The content of the X-Cache header is recorded for every request in the webrequest log table.

Functionalities provided by cache backends

The following functionalities are provided by all cache backends:

  • Path normalization
  • Pass everthing which is not GET or HEAD
  • Pass X-Wikimedia-Debug and X-Wikimedia-Security-Audit
  • Pass Authorization
  • Pass Set-Cookie responses
  • Pass CC:private, no-cache, no-store
  • Pass X-MISS2PASS
  • Performance hack to assign a single Vary slot for HFP to logged in users
  • Provides custom error html if error response has no body
  • Set X-Cache-Int
  • Compress compressible things if the origin didn't already
  • Set various TTL caps
  • Return 403 to client IPs not in wikimedia_trust
  • Unset Accept-Encoding to avoid some corner-cases (see T125938)
  • Unset Public-Key-Pins Public-Key-Pins-Report-Only

Specific to cache_text:

  • Pass the beta variant of the mobile site
  • Pass cxserver.wikimedia.org
  • Request mangling for MediaWiki (keywords: Host, X-Dt-Host, X-Subdomain)
  • Request mangling for RESTBase (/api/rest_v1/ -> /v1/)
  • Request mangling for w.wiki (send to meta.wikimedia.org/wiki/Special:UrlRedirector)
  • Vary slotting for PHP7 (X-Seven)
  • Vary slotting for X-Forwarded-Proto on 301/302
  • Reduce TTL to 60s for mobileaction= / useformat=

Specific to cache_upload:

  • Storage binning to try workaround scalability issues of -sfile
  • Request mangling for X-MediaWiki-Original
  • Disable streaming if Content-Length is missing
  • Pass small objects
  • Pass objects >= ~1GB
  • Pass 200 responses with CL:0 (T144257)

Specific to cache_misc:

  • Pass objects >= ~1GB
  • Disable streaming if Content-Length is missing
  • Cache requests with google analytics cookies and our own global WMF-Last-Access, WMF-Last-Access-Global GeoIP, and CP cookies

History

An overview of notable events and changes to our caching infrastructure.

2022

In April 2022, we replaced ATS with HAProxy for TLS termination and HTTP2 (T290005). This changed the stack to: HAProxy for TLS termination, Varnish frontend, and ATS backend.

2020

In June 2022, the Purged service was introduced. MediaWiki no longer uses multicast HTCP purging, but instead produces Kafka events for purging URLs, which local Purged instances on Varnish and ATS servers consume and apply by producing local PURGE requests.

In April 2020, a year after switching from Varnish to ATS as cache backend, the TTL was re-enabled and lowered from the 7 days set in 2016, down to 24 hours (T249627). With Varnish frontend also at 1 day and a grace-keep of 7 days, this means frontend objects may outlive backend ones.

2019

In 2019, we adopted the "ATS sandwhich" featuring Apache Traffic Server (ATS) as both TLS terminator and as backend cache, thus discontinuing Nginx- ("nginx minus") and Varnish backend. This changed the stack to: ATS for TLS termination (ats-tls), Varnish frontend (varnish-fe), and ATS backend (ats-be). It was explored to evolve the ATS-TLS layer to subsume the responsibilities of Varnish-frontend one day.

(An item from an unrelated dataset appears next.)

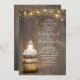 Die Probe aus rustikalem Holz lädt zum Abendessen ein: Weinfass, Baby-Atem-Blume, Lichterkette und Vintage Lampe - Laterne

Prior to 2019, the stack for many years involved Nginx- for TLS termination and HTTP2, Varnish as frontend, and a second Varnish layer as cache backend. As such, in older documention "Varnish" might sometimes also refer to the cache backend.

2016

In 2016, we decreased the max object ttl in Varnish from the long-standing 31 days down to 1 day for Varnish frontends, and 14 days for Varnish backends and MediaWiki (T124954). The parser cache remains at 31 days.

In 2016, we deployed HTTP/2 support to the Wikimedia CDN, sing the time comprised of Nginx- and Varnish (T96848).

2013

Prevent white-washing of expired page-view HTML. Various static aspects of a page are not tracked or versions, as such, when the max-age expires, a If-Not-Modified must not return true after expiry even if the database entry of the wiki page was unchanged (T46570).